スケール則に基づくBi-2223線材の臨界電流特性の推定と誤差評価

Estimation and error analysis of critical current properties in Bi-2223 tapes based on scaling law.
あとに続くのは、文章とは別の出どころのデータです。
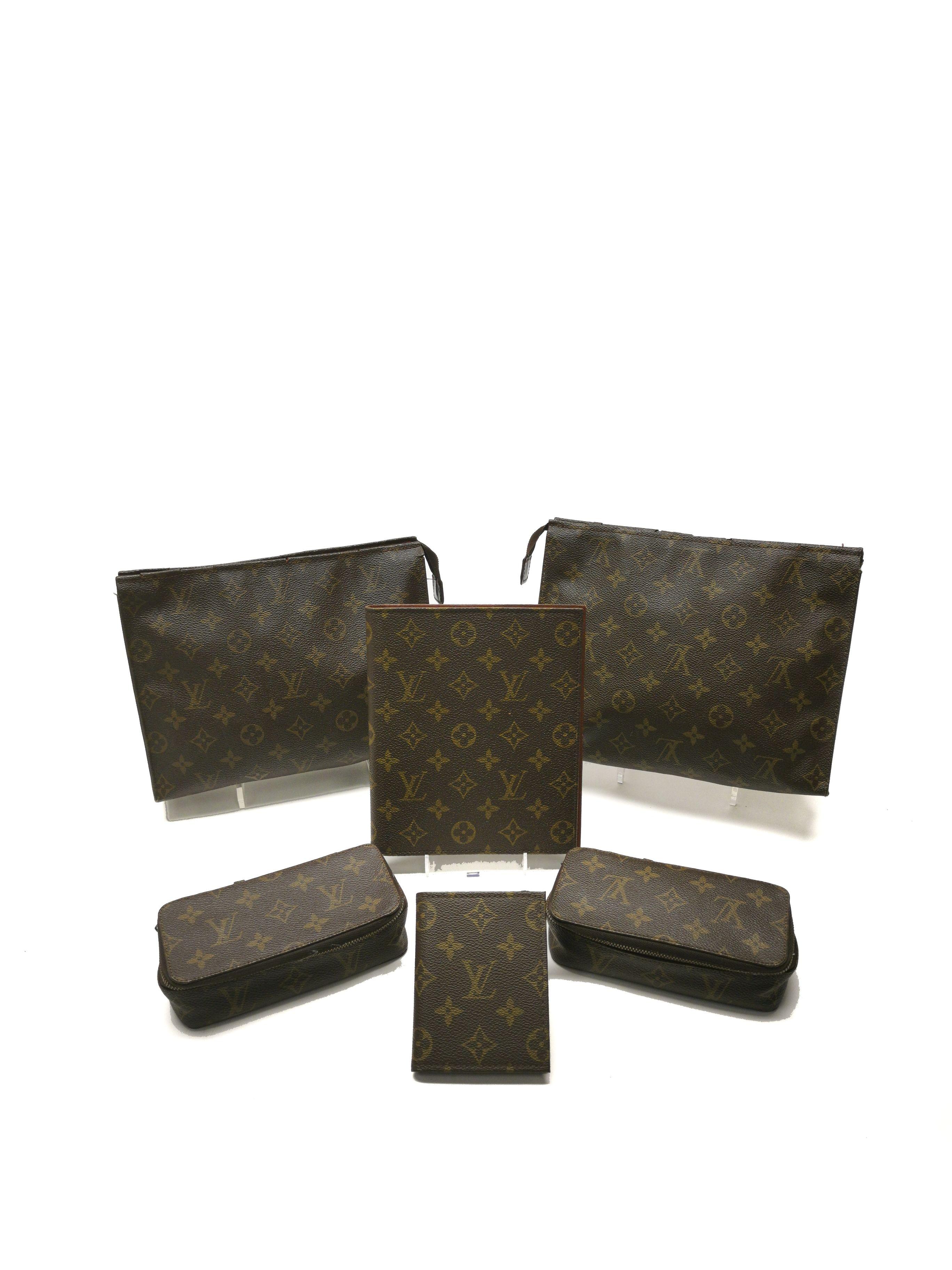 3102. Louis Vuitton, lot deux boîtes à lunettes, un étui à cahier, un porte bloc-notes et deux trousses

九州大学大学院システム情報科学研究院A,九州電力(株)総合研究所B

@木須 隆暢A, 今村 賢司A, 西村 昭一A, 井上 昌睦A, 竹尾 正勝A, 岡元 洋A,B


  高温超伝導体では、コイル巻線の熱的安定性や交流損失評価において、電界―電流密度(E-J)特性を考慮した解析が必要であることが明らかと成りつつある。すなわち、低抵抗導体としての高温超伝導線材の取り扱いが不可欠である。しかしながら、高温超伝導線材のE-J特性は、非線形であるばかりか、温度、磁界、角度によって複雑に変化し、実測によってその特性をすべて得ることは容易ではない。高温超伝導線材を工業材料として実用化するためには、簡便な方法によって、複雑に変化するE-J特性を高精度に記述することが求められる。 我々はこれまで、ピンニング強度の統計分布と、ピンニングのスケール則を用いることによって、限られた測定結果から任意の電界、温度、磁界、磁界印加角度における高温超伝導体の臨界電流特性を予測できることを示してきた(パーコレーションモデル)。 本研究ではBi-2223銀シース線材を用いて、4Tまでの比較的低い磁界領域において得られたE-J特性の測定値を基に、パーコレーションモデルを用いて解析し、その結果より任意の温度、磁界領域におけるE-J特性を推定すると共に、17Tまでの範囲での実測結果との比較を行った。その結果、推定値と実測値との誤差は実用上重要となる比較的高い臨界電流密度を維持できる温度、磁界範囲でほぼ10%程度、臨界電流値が急激に減少する磁束グラスー液体転移曲線近傍領域を含む広い領域においてさえ、20〜25%程度に抑えられることが明らかとなった。